FIRM RECRUITS VETERANS TO GUARD POLLS IN MINN.
State’s attorney general warns move would violate law
A private security company is recruiting former U.S. military Special Operations personnel to guard polling sites in Minnesota on Election Day, an effort the chairman of the company said is intended to prevent left-wing activists from disrupting the election but that the state attorney general warned would amount to voter intimidation and violate the law.
The recruiting effort is being done by Atlas Aegis, a private security company based in Tennessee that was formed last year and is run by U.S. military veterans, including people with Special Operations experience, according to its website.
The company chairman, Anthony Caudle, posted a message through a defense industry jobs site this week calling for former Special Operations forces to staff “security positions in Minnesota during the November Election and beyond to protect election polls, local businesses and residences from looting and destruction.” He said in an interview earlier this week that he is planning to send a “large contingent” to Minnesota but did not specify the numbers.

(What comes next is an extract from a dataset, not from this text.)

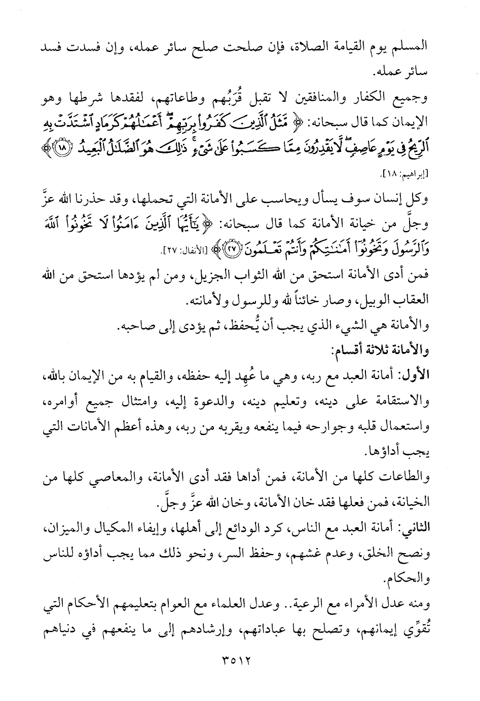 الأول: أمانة العبد مع ربه، وهي ما عُهِد إليه حفظه، والقيام به من الإيمان بالله، والاستقامة على دينه، وتعليم دينه، والدعوة إليه، وامتثال جميع أوامره، واستعمال قلبه وجوارحه فيما ينفعه ويقربه من ربه، وهذه أعظم الأمانات التي يجب أداؤها.
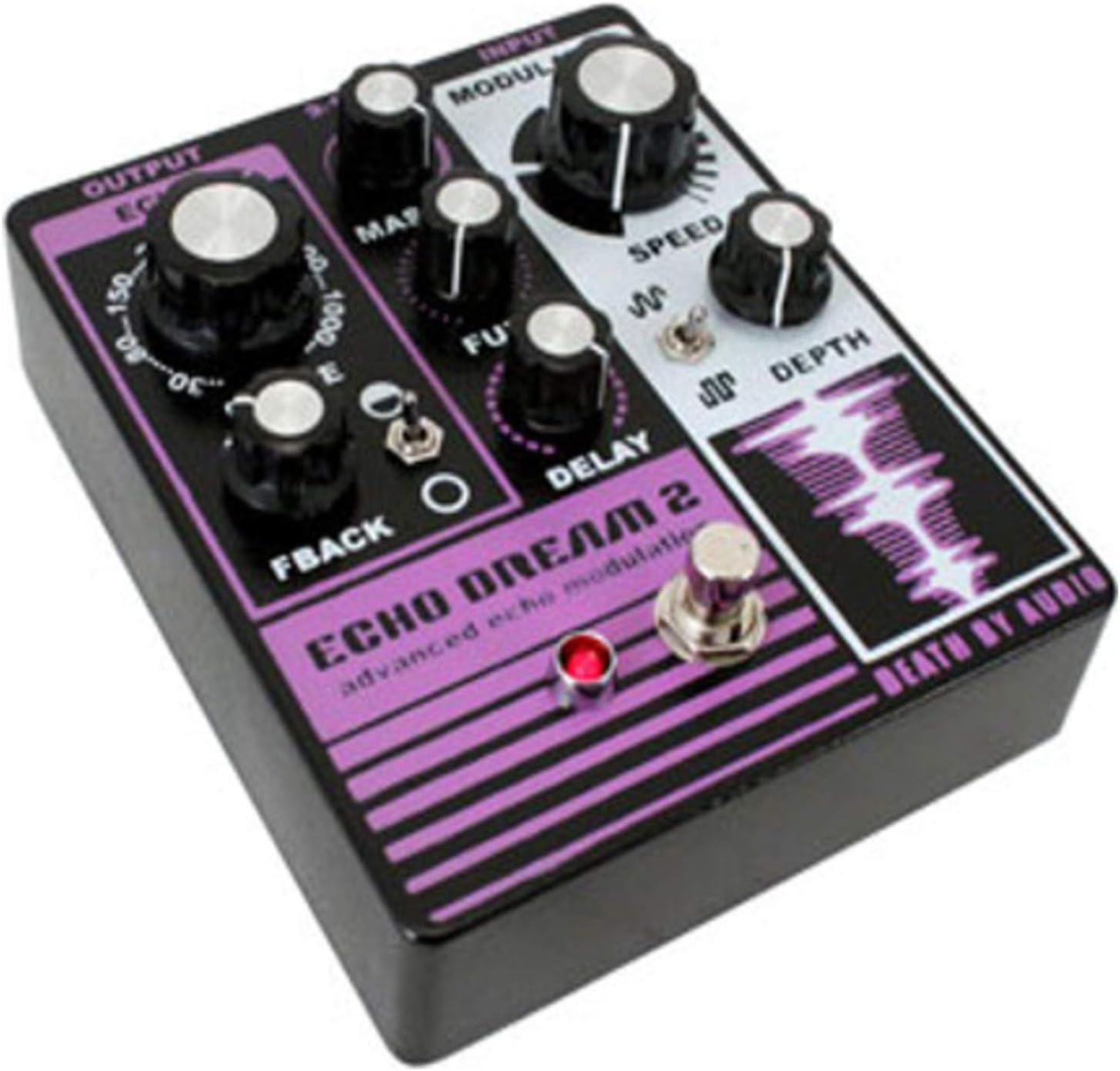 The Echo Dream 2 is an updated version of one of Death by Audio s most popular pedals, delivering 20 to 1,200 milliseconds of great sounding echo, with fuzz, and fully controllable pitch shifting modulation, all in a single pedal. Controls for Delay Time, Feedback, and Delay mix give you a beautifully ethereal echo. Flip the Wet/Dry toggle for an adjustable blend of delay and dry signal up to a 50/50 mix, or an all effects signal for use with a mixed loop. Turn the Fuzz control for the full sweep of dirt from clear to overdrive to all out fuzz. Then adjust the modulation Speed and Depth for the perfect level of expansive, pitch-shifting color, and flip the toggle for sine or square wave operation. The Echo Dream 2 draws only 40 milliamps when used with any standard 9v battery, but we recommend any standard negative center 9vDC power supply that can deliver 18 volts for even better clarity, tone and headroom.

Minnesota Attorney General Keith Ellison, a Democrat, said in a statement Friday that he joined election officials in “strongly discouraging this unnecessary interference in Minnesota’s elections, which we have not asked for and do not welcome.”
“Federal law and state law are both clear: No one may interfere with or intimidate a voter at a polling place,” he said. “The presence of armed outside contractors at polling places would constitute intimidation and violate the law. I request this company cease and desist any planning and stop making any statements about engaging in this activity.”
Ellison added that “we don’t expect to have to enforce our laws against voter intimidation, but we will use every resource available to us and all the power of the law if we have to.”
Caudle did not respond to a request for comment Friday on Ellison’s statement.
The security guard recruitment drive comes as civil rights organizations have been warning that groups may turn up armed at the polls in an effort to patrol them and perhaps intimidate voters, encouraged by President Donald Trump’s repeated claims that the election will be rigged against him.
A Trump campaign spokesperson said the campaign had never heard of Atlas Aegis and that it was not involved in the effort.
Minnesota has been at the center of a national protest movement sparked by the death of George Floyd, an unarmed Black man killed by police in Minneapolis in May. Those protests led to the damage of hundreds of businesses amid the eruption of anger over his killing and that of other Black men and women at the hands of law enforcement.
The prospect of introducing armed guards at election sites during this sensitive moment alarmed election officials in the state. It is illegal in Minnesota for people other than voters and elections staff — or those people meeting the requirements to be a registered election “challenger” — to be within 100 feet of polling sites.
There are also laws against voter intimidation that could prevent armed civilians from being in the area even if outside the buffer.